Every single year parents are faced with the fact that their children don't have to go to school for just under three months. It's often a happy time, but not one that comes without worries over how to keep kids entertained and how not to lose sanity with them pestering you for something to do for 10 weeks.
Try to sit down with your kids as soon as the summer vacation from school starts. This probably won't be straight away as they'll want around two days to reel from the fact school's out. Once they've got all that energy out of their systems get a sketchbook and start writing down what everyone wants to do. Try having a page of ideas for a summer-long project (e.g. digging a pond for the garden or redecorating the kid's rooms). This should be something big that they're not going to finish in one day, and preferably something that can be added to, like a mural on one of their walls or building boats to race across the pond.
Ask your kids to tell you what they learned at school over the past year. Is there a particular project that grabbed their attention, or are they particularly enthralled by one theme? For example, take them to a museum if they're interested in dinosaurs and build future projects around them. Perhaps one day make papier mache volcanoes and mountain landscapes and another day go shopping for dinosaur figurines. Buy a glass painting set so they can have jars to keep their dinosaur figurines in, or simply laminate thick paper that they've drawn their favorite dinosaur on for use as a home made place mat. You can even incorporate things like this into mealtimes – bring them shopping with you for pizza bases and their favorite toppings and tell them to make their pizza look like the face of a dinosaur; the scarier the better.
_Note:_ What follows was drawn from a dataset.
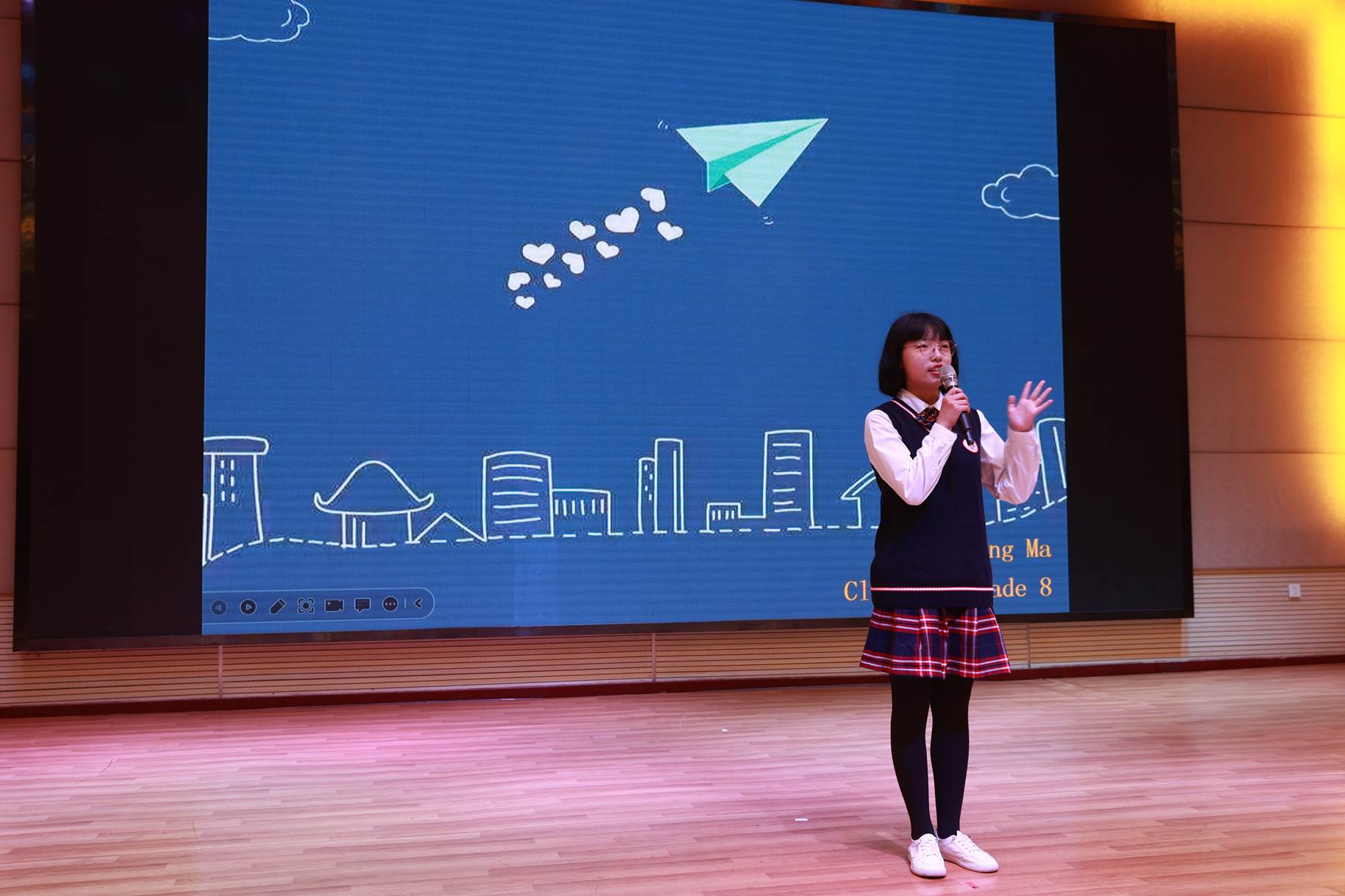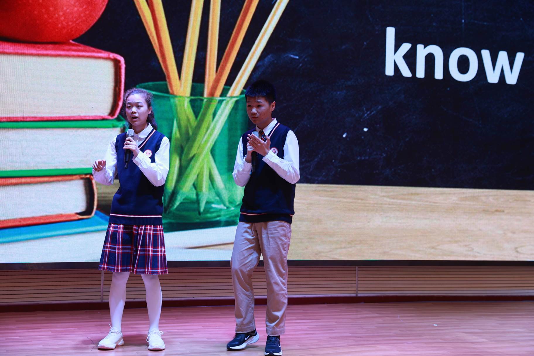 双减为翼,素养为基。本次大赛在我校思维型教学理论引领下创新了活动形式,舞台剧、歌舞秀、话剧、古典乐器配英文朗诵等异彩纷呈,多形式的展示促进了学生英语学科的核心素养发展,体现了我校思维型课堂教学与学生特色发展的有效结合。同时,学校学生会充分发挥主观能动性,参与比赛筹备、会场组织、舞台策划、手绘节目单等,提升了学生综合素质水平和自我管理能力,充分彰显了我校“学生第一、特色发展”的办学理念。

Of course you won't want your kids in the house all the time and they're going to want to see their friends. Instead of just having them play in the back garden all summer, why not try and arrange a weekly outing with other parents? Think of somewhere inexpensive to go (the park, the swimming pool, the beach, up a huge hill) and ask other parents if they would be willing to take it in turns to take the group each week. Share the responsibility between two parents if the group is large. What this should mean in the end is that once a month you take the kids out, but the other three weeks you have a day to yourself while other parents do it.
There's a high chance you're an extremely busy parent and just because your children have three months off from school, that doesn't mean you have that same time from work too. Ask your child minder to incorporate your child's project into their time together, or organize a separate project for them, that they can tell you about in the evening. Summer vacation doesn't have to spell stress and children who are bored to tears.